Sam Kicks Cats

When I was a child, memorizing the books of the Bible got you points (and weird looks) from the adults at your church. I had trouble with the Old Testament order of the history books: Samuel, Kings, and Chronicles. So I came up with the memory aid Sam Kicks Cats.

Yeah, I know. But it worked.

I’ve been rereading these books because now seemed like a good time to read about a period of tyrannical instability in politics. One of the first thing commentators will tell you is DO NOT READ THESE BOOKS AS METAPHOR FOR CURRENT POLITICS. The first significant European scholar to publish in the 1600s said that, as did the breakaway guy in America in the 1700s, and a whole bunch of hangers-on since.

There’s a useful chart by a guy named Jacob Edson on Bible Gateway, based on an earlier chart by Craig T. Owens. It gives you the years and whose reign overlapped once Israel and Judah split from each other. Also whether the kings (and one queen) were evil or good at the start and end of their reigns.

This gets interesting.

There may be more about this in coming weeks, but the bottom line of reading this mess of who was killing who is a frightening awareness of how little being evil resulted in a short reign.

Awhile back a bunch of YWAMers (that’s Youth With a Mission) graduates talked to each other via Facebook messenger. The group broke up because a bunch believed Trump was God’s golden boy (think David) while a handful of others thought he was Ahab. (Check Israel about 2/3 down on that chart.)

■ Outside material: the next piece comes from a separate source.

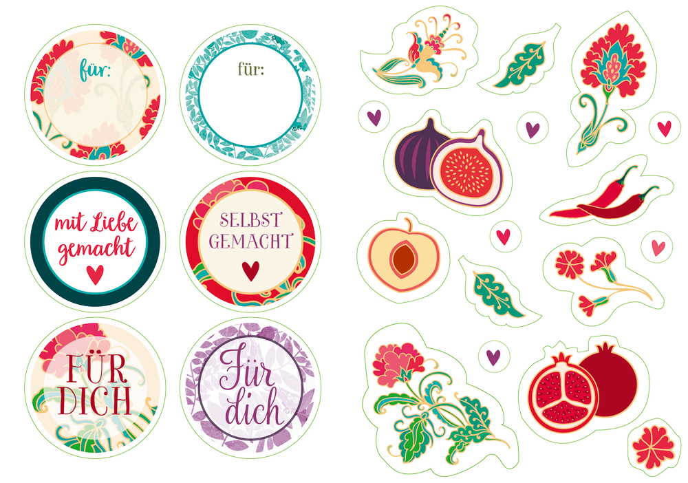 | Schlagworte | Aufkleber • Deko-Aufkleber • Dekorieren • Einmachetiketten • Essen & Trinken • Etiketten • Früchte • Küchensticker • Orientalische Muster • Sticker • Sticker für Geschenke • Stickerheft • Sticker zum Beschriften |

Yeah, don’t impose today on then and look for symbols. That way lies madness. The point is, we came to the conclusion that a bunch of us with prayer lives and that magic phrase “after God’s own heart” (which is why God established David’s kingdom as the one Jesus would descend from) thought God had completely different plans in politics.

And since we all believed we were hearing from God about what to do and what to think that became so problematic we broke up, with promises to pray for each other that sounded a lot like insults.

How long people reigned (from 7 days to 55 years, if you’re interested, and the longest reign wasn’t David; it was this guy named Manasseh ruling over just Judah) doesn’t align with who was tearing down the high places and ending sacrifices to other gods; it has a lot to do with who was nice to neighboring kings.

Women aren’t supposed to have political opinions and we’re sure not supposed to know who was doing what in the Bible more than men, or it makes everyone embarrassed. (Anyone else ever been told they need to rid themselves of the ‘Spirit of Jezebel’?)

So I’ll just say that I’m looking forward to looking at the prophetic books that have to do with this history period. The whole Old Testament, once you get past Abraham’s grandkids, pretty much keeps telling this same story from different perspectives: Israel and Judah from Saul down to Babylonian exile.

Because the way they told us these stories in Sunday School, back when we memorized those troublesome minor prophets with no understanding of what they were up against or everything that came before, those were whitewashed. This story is full of death and sex and ambition and confusion and a bunch of people on the ground trying to survive while high flyers tried to stay in power.

I’m no longer convinced God is all that interested in who’s in power. Which makes people really edgy because someone who says that must not care about important issues of equity. That’s not true either. Life is complicated.

Almost as complicated as sorting through what happened in Israel and Judah, king by king, betrayal by betrayal.